** Information shown follows **

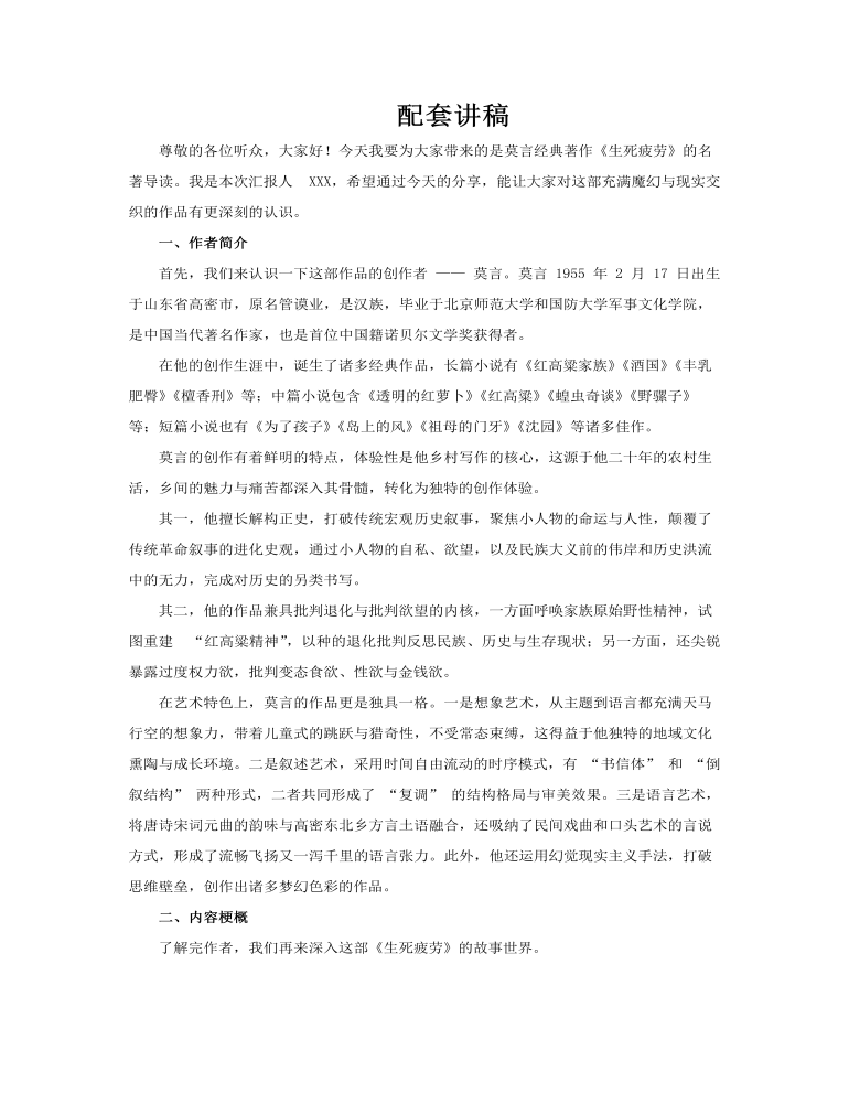该演示文稿以幻灯片的形式分四个部分介绍了《生死疲劳》的内容,方便我们在使用PowerPoint时更好的对书中重要的句子进行摘抄。PPT模板的第一部分是作者简介,介绍了莫言的基本信息。第二部分是内容梗概,介绍了《生死疲劳》的构思、契机以及灵感来源。第三部分是作品鉴赏,进一步分析了作品的主题与作品的艺术特色。第四部分是评价感悟,呈现了王德威教授、史景迁学者、司马中原等名人对这部小说的评价。
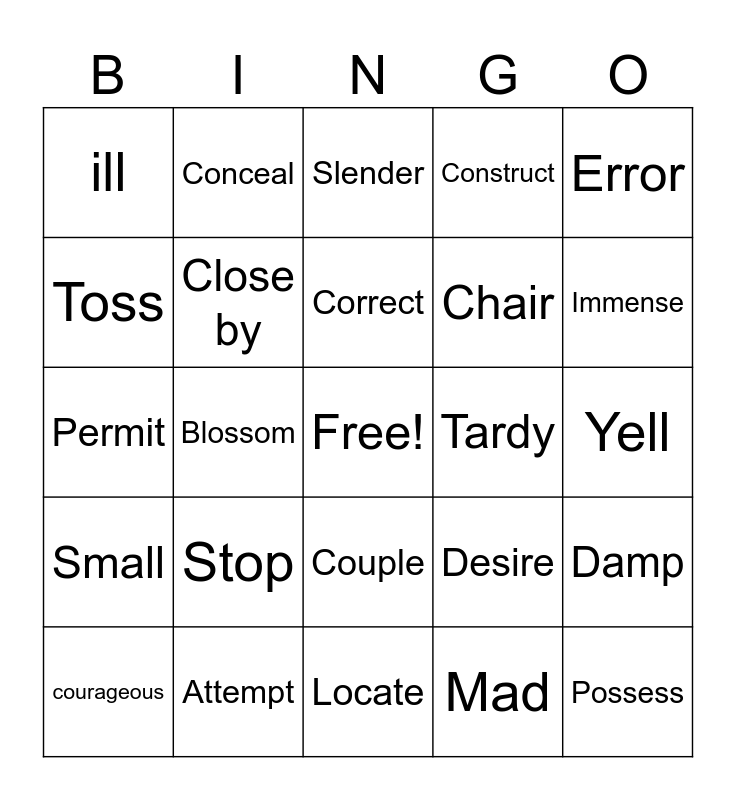 This bingo card has a free space and 34 words: Difficult, Mad, Quick, Reply, Small, Close by, Error, courageous, Conceal, Begin, Correct, Slender, Below, Gift, Tardy, Immense, Attempt, Permit, Stop, Desire, Couple, Put, ill, Yell, Locate, Possess, Construct, Wealthy, Chair, Toss, Thief, Blossom, Damp and Filthy.
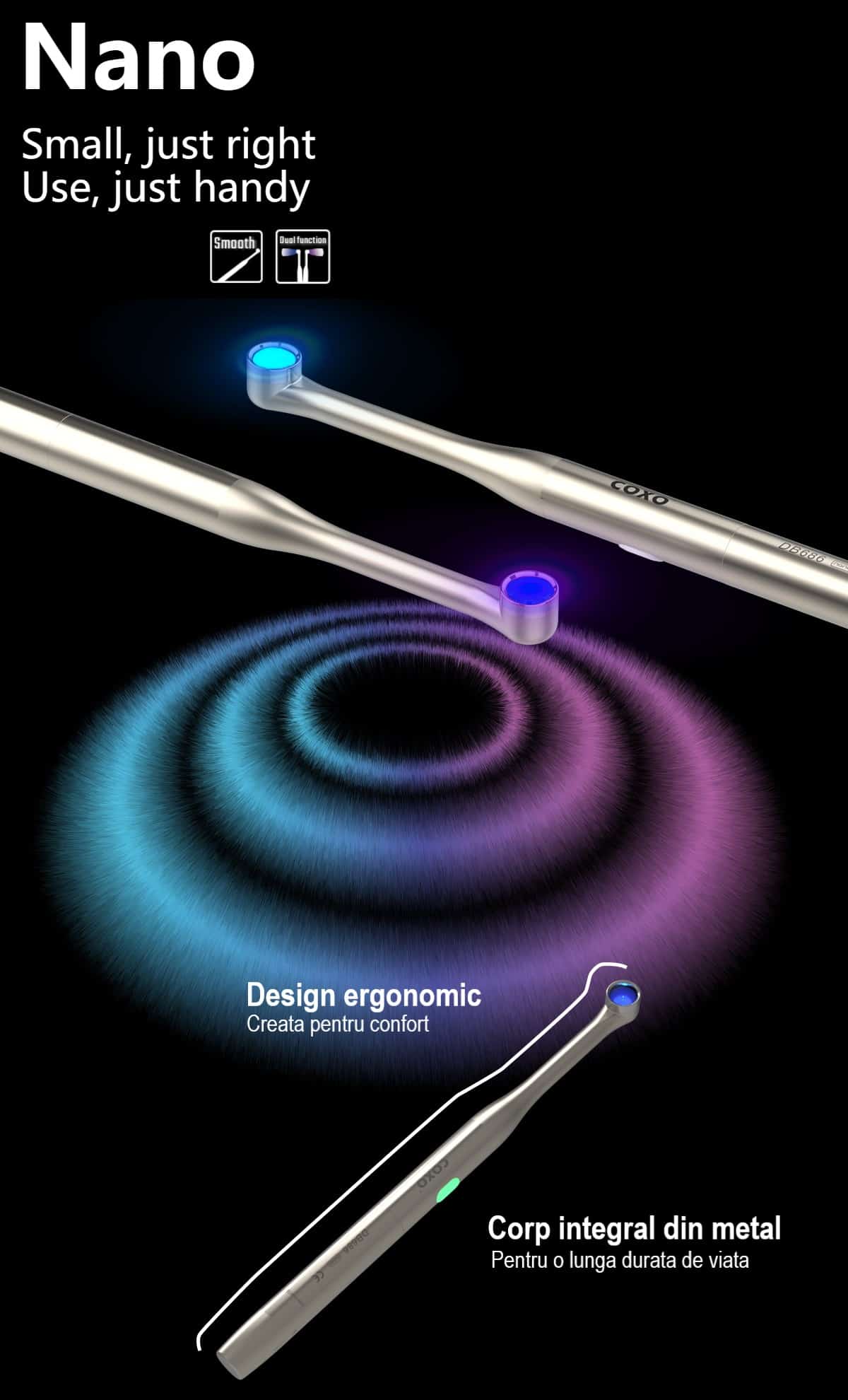 3. Buton on/off ce indica modul de operare lampa foto/detectie carie
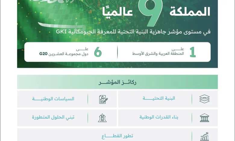 المملكة تتصدر إقليميًّا وتحقق المرتبة 9 عالميًا والسادسة على G20 في المجال الجيومكاني
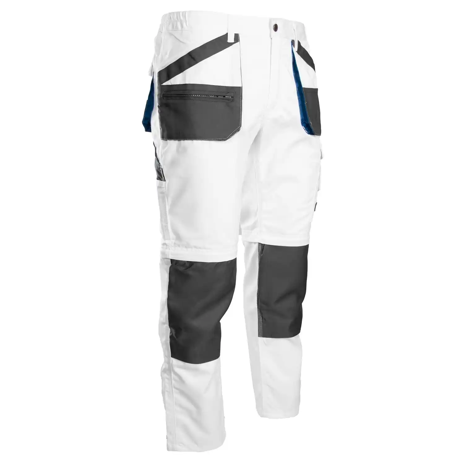 o maksymalnej adaptacji do zmiennych warunków pracy. Wykonane z solidnej mieszanki poliestru (65%) i bawełny (35%) o gramaturze 260 g/m², gwarantują utrzymanie stabilności rozmiarów i śnieżnobiałego koloru nawet po wielokrotnym praniu. Największym atutem tego modelu są odpinane nogawki, które pozwalają w kilka sekund przekształcić długie spodnie w wygodne szorty. Konstrukcja jest przygotowana na intensywne użytkowanie: zastosowano podwójne i potrójne szwy szyte mocną nicią, liczne ryglówki zapobiegające rozpruciu oraz dodatkowe wzmocnienie na pośladkach chroniące przed przetarciem. Ochronę kolan zapewniają ergonomiczne kieszenie na nakolanniki wykonane z ekstremalnie wytrzymałego materiału OXFORD. Użytkownik ma do dyspozycji system rozbudowanych i przestrzennych kieszeni: wzmocnione kieszenie boczne, tylne, bezpieczną kieszeń
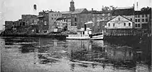 In 1774, in the lead-up to the Revolution, Paul Revere rode to Portsmouth warning that the British Royal Navy was coming to capture the port.[5] Although Fort William and Mary protected the harbor, the Patriot government moved the capital inland to Exeter, which ensured that it would be under no threat from the Royal Navy, which bombarded Falmouth (now Portland, Maine) instead on October 18, 1775. Portsmouth was the destination for several of Beaumarchais's ships containing materiel, such as artillery, tents, and gunpowder, to help the American revolutionary effort.[6] African Americans helped defend Portsmouth and New England during the war. In 1779, 19 enslaved African Americans from Portsmouth wrote a petition to the state legislature and asked that it abolish slavery, in recognition of their war contributions and in keeping with the principles of the Revolution.[4] The legislature tabled their petition. New Hampshire abolished slavery in 1857, by which time the institution was effectively extinct in the state.
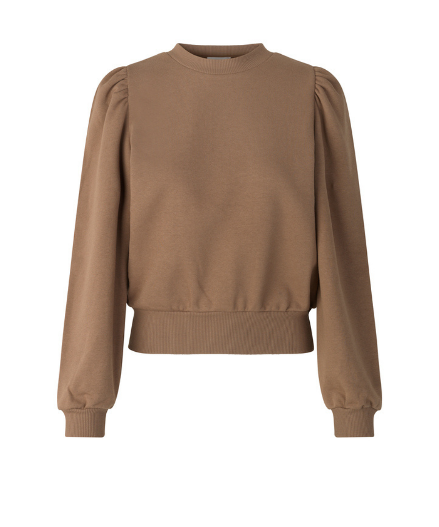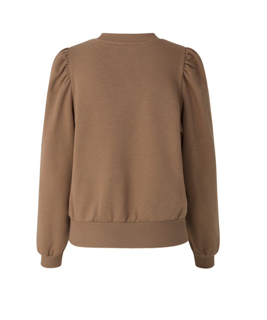 Carmella Sweatshirt mit Raffung in softer Baumwoll-Mix Qualität. Das Sweatshirt hat die für Sweat Oberteile typischen Bündchen am Arm und Saum und ist unglaublich angenehm auf der Haut. Dieses Model ist mit Raffung an der Schulter versehen und in Farbe Otter. Perfekt geeignet für die kühleren Tage. Dieses Sweatshirt kann auch mit Carmela Hose in Whisper White kombiniert werden.

** End of Information shown **

Aim of the exercise
The line containing "المملكة تتصدر إقليميًّا" marks the end: copy exactly every line from the start of the records up to and including it, leaving out the pictures.

Solution below
该演示文稿以幻灯片的形式分四个部分介绍了《生死疲劳》的内容,方便我们在使用PowerPoint时更好的对书中重要的句子进行摘抄。PPT模板的第一部分是作者简介,介绍了莫言的基本信息。第二部分是内容梗概,介绍了《生死疲劳》的构思、契机以及灵感来源。第三部分是作品鉴赏,进一步分析了作品的主题与作品的艺术特色。第四部分是评价感悟,呈现了王德威教授、史景迁学者、司马中原等名人对这部小说的评价。
 This bingo card has a free space and 34 words: Difficult, Mad, Quick, Reply, Small, Close by, Error, courageous, Conceal, Begin, Correct, Slender, Below, Gift, Tardy, Immense, Attempt, Permit, Stop, Desire, Couple, Put, ill, Yell, Locate, Possess, Construct, Wealthy, Chair, Toss, Thief, Blossom, Damp and Filthy.
 3. Buton on/off ce indica modul de operare lampa foto/detectie carie
 المملكة تتصدر إقليميًّا وتحقق المرتبة 9 عالميًا والسادسة على G20 في المجال الجيومكاني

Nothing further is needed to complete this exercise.